## [WHAT YOU NEED TO DO]
Starting with the line that contains "Двор у него" and stopping after the line that contains "Make your occasion", copy the entries below exactly. Include nothing else.

## [EXERCISE INPUTS]

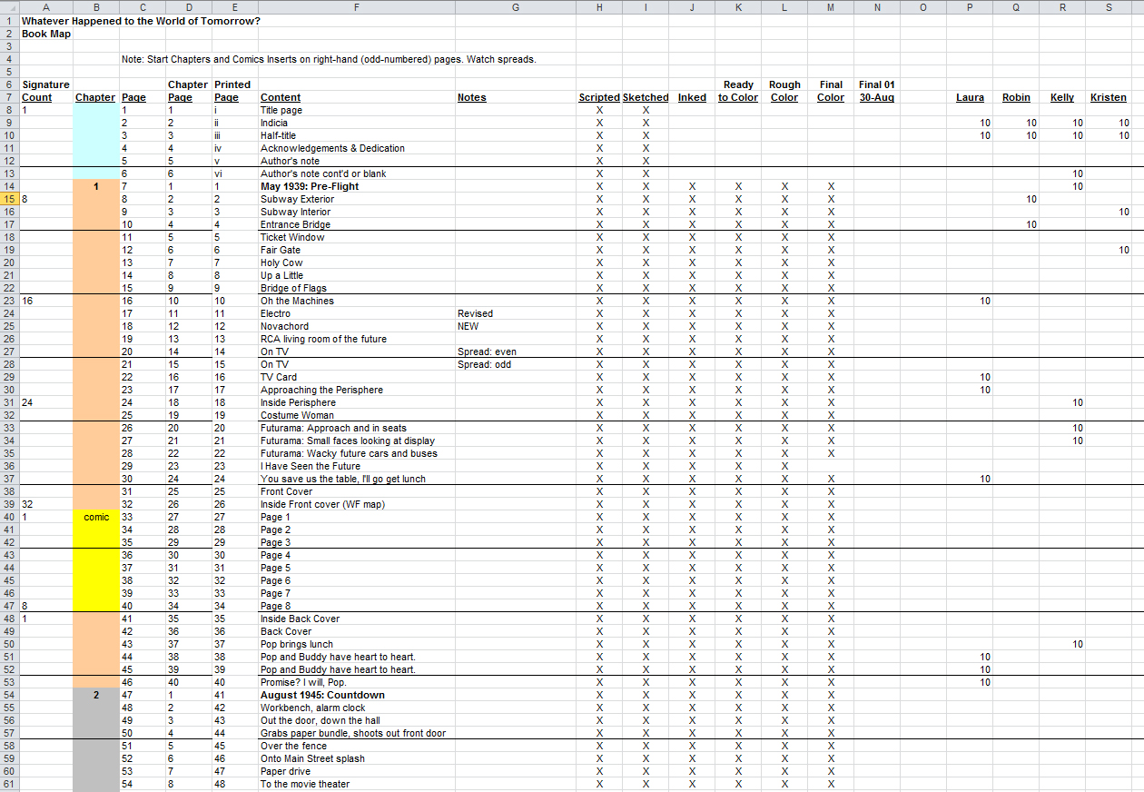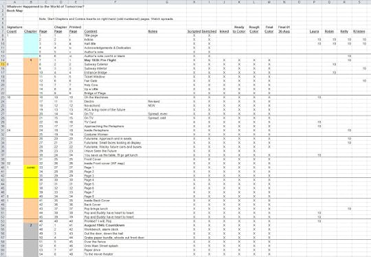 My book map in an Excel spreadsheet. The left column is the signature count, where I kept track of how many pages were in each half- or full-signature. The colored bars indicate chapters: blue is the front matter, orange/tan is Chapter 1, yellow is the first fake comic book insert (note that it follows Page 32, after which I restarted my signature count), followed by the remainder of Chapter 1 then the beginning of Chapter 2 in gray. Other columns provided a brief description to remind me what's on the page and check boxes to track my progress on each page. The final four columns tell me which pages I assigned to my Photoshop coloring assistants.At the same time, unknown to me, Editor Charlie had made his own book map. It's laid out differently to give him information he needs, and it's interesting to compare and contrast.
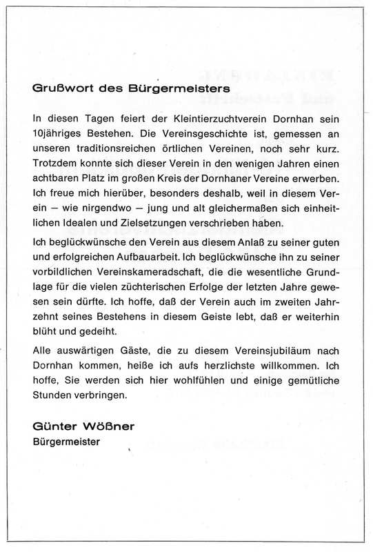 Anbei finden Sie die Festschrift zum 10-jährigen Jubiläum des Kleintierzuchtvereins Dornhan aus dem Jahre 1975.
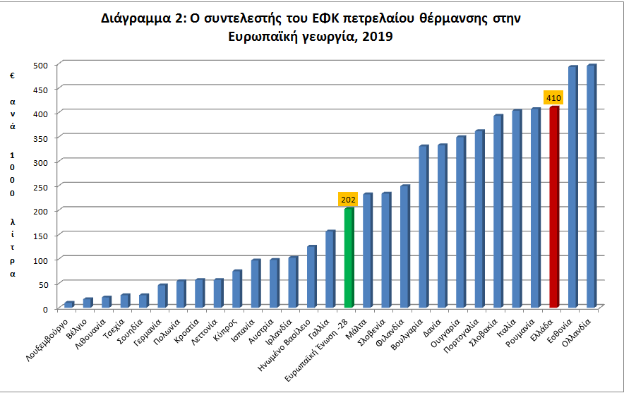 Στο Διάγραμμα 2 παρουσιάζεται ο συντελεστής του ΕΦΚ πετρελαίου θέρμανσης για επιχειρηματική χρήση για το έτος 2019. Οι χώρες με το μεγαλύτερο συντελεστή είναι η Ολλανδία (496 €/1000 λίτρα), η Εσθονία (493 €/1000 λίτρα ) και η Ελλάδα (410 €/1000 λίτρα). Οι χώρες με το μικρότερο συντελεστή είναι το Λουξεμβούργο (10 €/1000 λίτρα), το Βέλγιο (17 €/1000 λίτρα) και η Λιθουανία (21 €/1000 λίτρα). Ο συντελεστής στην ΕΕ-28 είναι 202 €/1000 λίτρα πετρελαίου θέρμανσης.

==

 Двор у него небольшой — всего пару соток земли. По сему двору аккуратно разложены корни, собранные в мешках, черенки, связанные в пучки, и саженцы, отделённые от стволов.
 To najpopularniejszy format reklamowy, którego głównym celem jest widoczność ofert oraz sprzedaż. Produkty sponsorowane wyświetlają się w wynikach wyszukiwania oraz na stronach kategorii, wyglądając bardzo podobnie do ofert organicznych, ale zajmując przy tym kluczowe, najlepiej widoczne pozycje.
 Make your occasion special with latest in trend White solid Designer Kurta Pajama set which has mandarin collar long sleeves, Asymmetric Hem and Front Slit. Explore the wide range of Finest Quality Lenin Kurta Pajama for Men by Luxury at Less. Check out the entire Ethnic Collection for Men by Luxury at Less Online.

* * *

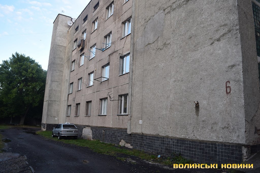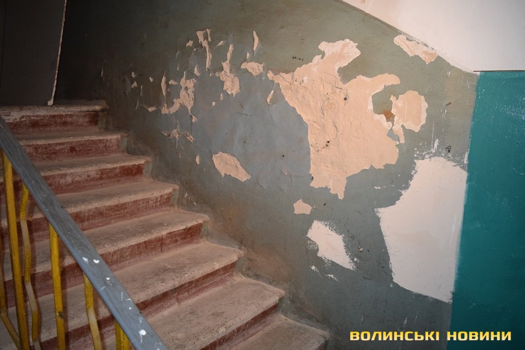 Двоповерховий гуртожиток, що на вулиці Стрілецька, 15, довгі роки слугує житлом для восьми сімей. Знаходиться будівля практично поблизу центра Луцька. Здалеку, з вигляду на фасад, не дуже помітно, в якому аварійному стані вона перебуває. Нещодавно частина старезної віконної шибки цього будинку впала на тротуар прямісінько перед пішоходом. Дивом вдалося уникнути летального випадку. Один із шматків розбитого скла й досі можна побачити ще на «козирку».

## [SOLUTION TO THIS PROBLEM]
 Двор у него небольшой — всего пару соток земли. По сему двору аккуратно разложены корни, собранные в мешках, черенки, связанные в пучки, и саженцы, отделённые от стволов.
 To najpopularniejszy format reklamowy, którego głównym celem jest widoczność ofert oraz sprzedaż. Produkty sponsorowane wyświetlają się w wynikach wyszukiwania oraz na stronach kategorii, wyglądając bardzo podobnie do ofert organicznych, ale zajmując przy tym kluczowe, najlepiej widoczne pozycje.
 Make your occasion special with latest in trend White solid Designer Kurta Pajama set which has mandarin collar long sleeves, Asymmetric Hem and Front Slit. Explore the wide range of Finest Quality Lenin Kurta Pajama for Men by Luxury at Less. Check out the entire Ethnic Collection for Men by Luxury at Less Online.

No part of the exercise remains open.